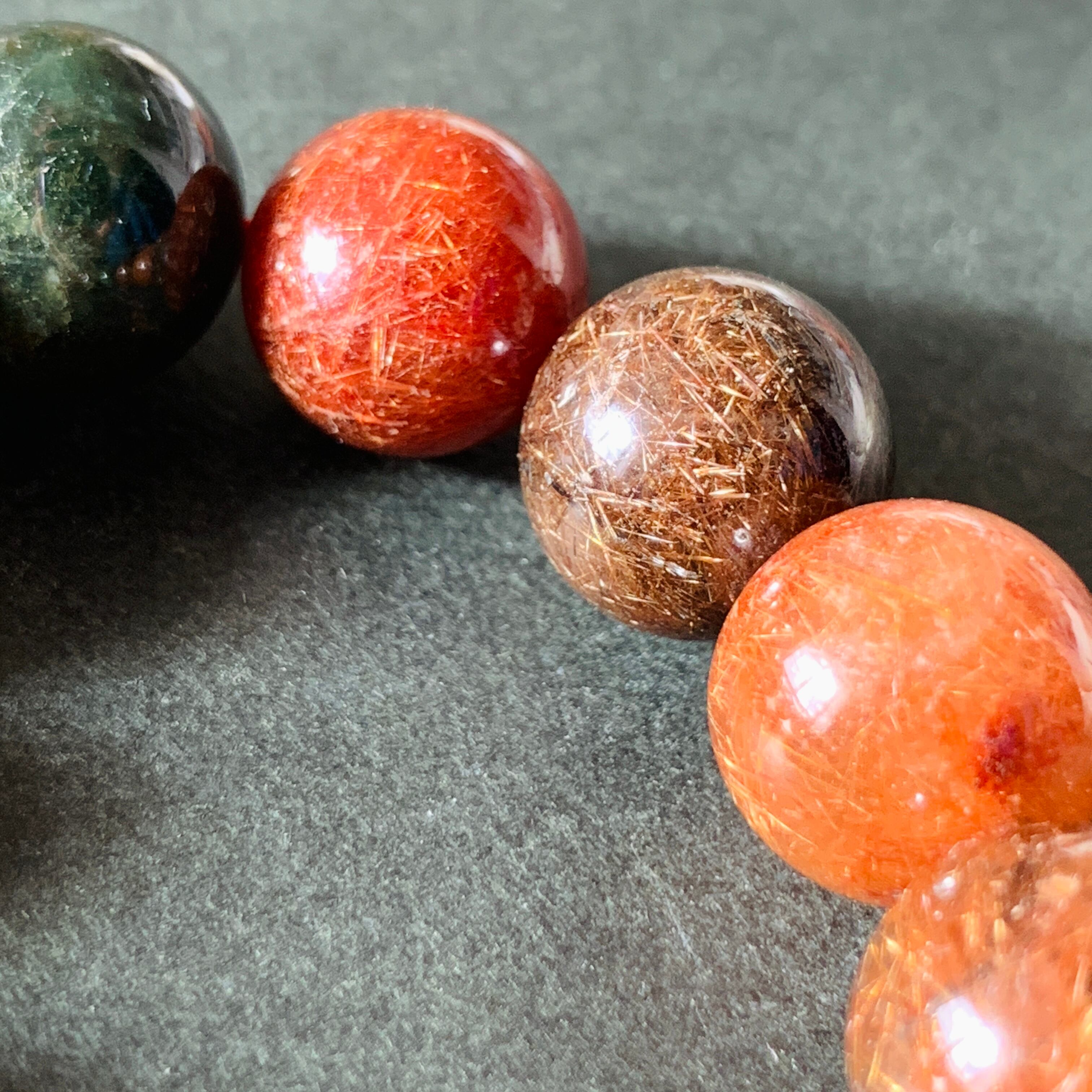 発色極上、水晶玉の中にふさふさした輝くルチルは気品を感じで、13.6ミリのミックスルチルクォーツです。このブレスレットには赤褐色、黄褐色、褐色、緑色がある、優しい色合いで肌なじみも抜群です!
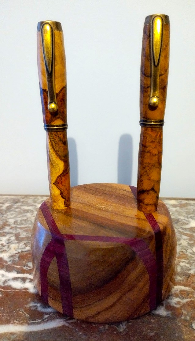 J’utilise différents mandrins pour le tournage des stylos, m’offrant la perspective de réaliser soit un objet conforme à l’idée qu’on se fait d’un stylo, soit, grâce au « tournage borgne » de concevoir des corps de stylos à la forme inattendue.
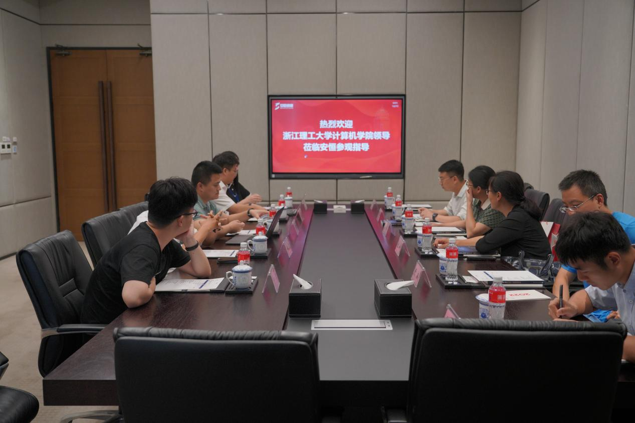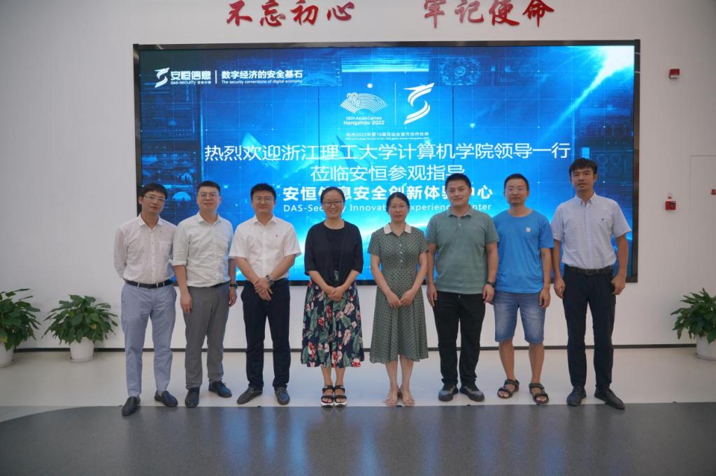 为贯彻落实教育部“访企拓岗促就业”专项行动,进一步深化校企合作、产教融合工作,挖掘就业资源。7月25日下午,计算机科学与技术学院党委书记黄黎、副院长姚青、副书记丁宁、数字媒体系主任舒挺、学工办主任朱诗威一行前往杭州安恒信息技术股份有限公司进行走访调研活动。安恒信息副总裁、数字人才创研院副院长吴鸣旦,人力资源部总监吴澄、营销中心销售总监彭实、人力资源部校招经理王月、校友代表于谦热情接待并参加座谈。
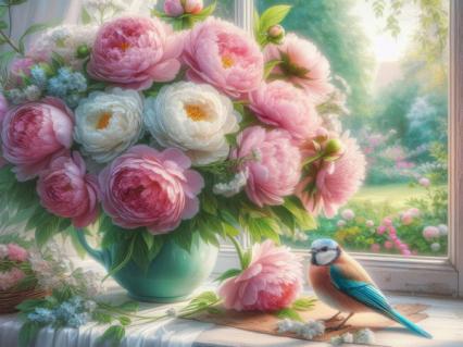 Алмазная мозаика с част. зап. 40*50 см ПП "Птичка и букет пионов" подрамник
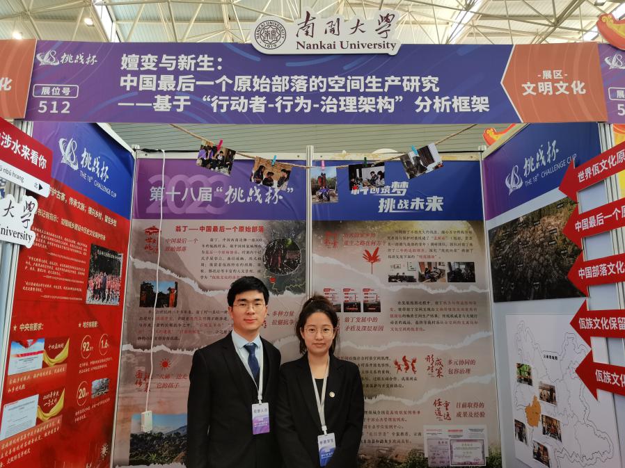 在刚刚闭幕的第十八届“挑战杯”全国大学生课外学术科技作品竞赛终审决赛中,由南开大学周恩来政府管理学院吴晓林、马学广、刘银喜老师指导,任鑫露、陈佳进、龙志奇、李卓琳等同学完成的作品《嬗变与新生:中国最后一个原始部落的空间生产研究》获得全国一等奖。此前,该项目获得天津市第十七届“挑战杯”大学生课外学术科技作品竞赛特等奖。
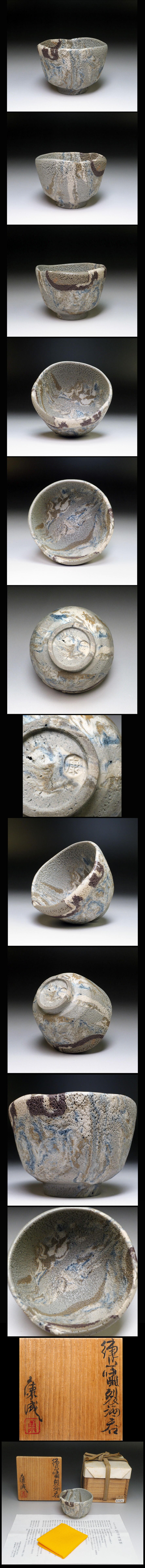 ![]() 練上手の人間国宝、松井康成のぐい呑「練上嘯裂酒呑」です。 作品に印銘があります。 サイズ:約 径 6.7cm 高 4.8cm 共箱・布・栞付 作品状態:無傷で美品です。(目視確認です。) こちらの作品は真作保証の安心頂ける作品であることをお約束いたします。 不明な点は、入札前に質問等でご確認下さい。 松井康成 昭和2年(1927)~平成15年(2003) 重要無形文化財「練上手」保持者(平成5年認定) 長野県に生まれる。明治大学文学部を卒業後、笠間市の古刹月崇寺の住職を継ぎ、昭和35年境内に築窯し、広く中国古陶磁の技法を研究した後、練上に絞った作陶活動を展開させていった。練上は、色や濃淡の異なる土を組み合わせていくことによって様々な文様を表す技法であるが、性質の異なる二種類以上の陶土を用いるため、土の収縮率の違いなどから乾燥や焼成の段階で割れることも多く、高度な技術を要する。松井は、練上で用いる色土の収縮率を同じにするための研究を重ね、練上技法を様々に応用して次々と独自の手法を発表し、陶芸界に新生面を切り拓いた。 | |||
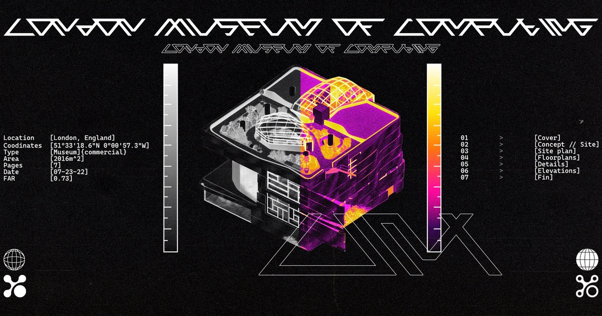 The concept went through many many iterations, each being drastically different from one another, and the forms I ended up choosing were mostly due to the site and how it relates to the area. Through time, the museum will gain new attractions as well as keeping the historic ones. Technology is constantly evolving so a museum is possibly the best thing to showcase that with revolving exhibits. The London Museum of Computing shows us that the future we see is behind us, and society will reinvent technology as we see it today.
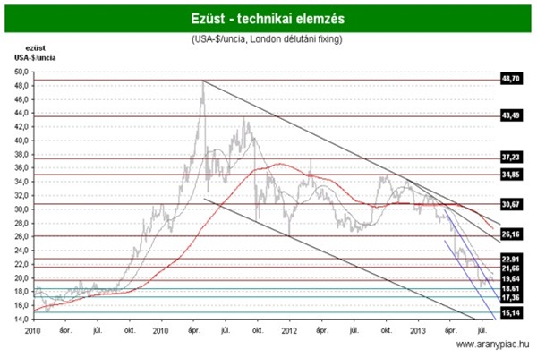 Jól jellemzi az aranyár útkeresését a különböző trendcsatornák közé ékelődő jelenlegi árfolyamszint. Miután az utóbbi napokban sikerült kitörni a meredeken zuhanó pályáról, megadatni látszik az esély egy szerényebb dinamikával csökkenő sávba való visszakapaszkodásra. Persze ez is még csak egy csökkenő pálya, ami azt jelenti, hogy egyelőre koránt sincs szó egy új aranykor felragyogásáról. De ez az enyhébb lankájú lejtő technikailag mégis csak engedhetne teret talán egy akár 1.700 dollárig is érő emelkedésre. Ugyanakkor az árfolyam lekonyuló vége – az elmúlt hét londoni záróárainak az eredménye – minden további forgatókönyvet lehetővé tesz. Lehet ennek kapcsán szó visszatesztről az elhagyott meredeken eső trendcsatorna határáig, ami egy „egészséges” jelenség és az erőgyűjtés jele lenne a további emelkedéshez. Másfelől a bikák kifulladása is tükröződhet abban, ahogy a puha landolást jelentő trendcsatorna alsó széléről az utóbbi napokban lefordult az árfolyam. Az 1.260 dollár környéke ennek tükrében egy kritikus támaszszintnek tűnik, amely alatt újult dinamikával folytatódhat a szabadesés. Az 1.355 dolláros bástya meghódítása viszont a kitörést jelenthetné az elmúlt hónapok sanyarúságából.
···
> _What is expected_:
Starting from the first line of the listing above, write out every line exactly through the one containing "練上手の人間国宝、松井康成のぐい呑「練上嘯裂酒呑」です。 作品に印銘があります。 サイズ:約", and drop the pictures.

> _Response to this exercise_:
 発色極上、水晶玉の中にふさふさした輝くルチルは気品を感じで、13.6ミリのミックスルチルクォーツです。このブレスレットには赤褐色、黄褐色、褐色、緑色がある、優しい色合いで肌なじみも抜群です!
 J’utilise différents mandrins pour le tournage des stylos, m’offrant la perspective de réaliser soit un objet conforme à l’idée qu’on se fait d’un stylo, soit, grâce au « tournage borgne » de concevoir des corps de stylos à la forme inattendue.
 为贯彻落实教育部“访企拓岗促就业”专项行动,进一步深化校企合作、产教融合工作,挖掘就业资源。7月25日下午,计算机科学与技术学院党委书记黄黎、副院长姚青、副书记丁宁、数字媒体系主任舒挺、学工办主任朱诗威一行前往杭州安恒信息技术股份有限公司进行走访调研活动。安恒信息副总裁、数字人才创研院副院长吴鸣旦,人力资源部总监吴澄、营销中心销售总监彭实、人力资源部校招经理王月、校友代表于谦热情接待并参加座谈。
 Алмазная мозаика с част. зап. 40*50 см ПП "Птичка и букет пионов" подрамник
 在刚刚闭幕的第十八届“挑战杯”全国大学生课外学术科技作品竞赛终审决赛中,由南开大学周恩来政府管理学院吴晓林、马学广、刘银喜老师指导,任鑫露、陈佳进、龙志奇、李卓琳等同学完成的作品《嬗变与新生:中国最后一个原始部落的空间生产研究》获得全国一等奖。此前,该项目获得天津市第十七届“挑战杯”大学生课外学术科技作品竞赛特等奖。
 ![]() 練上手の人間国宝、松井康成のぐい呑「練上嘯裂酒呑」です。 作品に印銘があります。 サイズ:約 径 6.7cm 高 4.8cm 共箱・布・栞付 作品状態:無傷で美品です。(目視確認です。) こちらの作品は真作保証の安心頂ける作品であることをお約束いたします。 不明な点は、入札前に質問等でご確認下さい。 松井康成 昭和2年(1927)~平成15年(2003) 重要無形文化財「練上手」保持者(平成5年認定) 長野県に生まれる。明治大学文学部を卒業後、笠間市の古刹月崇寺の住職を継ぎ、昭和35年境内に築窯し、広く中国古陶磁の技法を研究した後、練上に絞った作陶活動を展開させていった。練上は、色や濃淡の異なる土を組み合わせていくことによって様々な文様を表す技法であるが、性質の異なる二種類以上の陶土を用いるため、土の収縮率の違いなどから乾燥や焼成の段階で割れることも多く、高度な技術を要する。松井は、練上で用いる色土の収縮率を同じにするための研究を重ね、練上技法を様々に応用して次々と独自の手法を発表し、陶芸界に新生面を切り拓いた。 | |||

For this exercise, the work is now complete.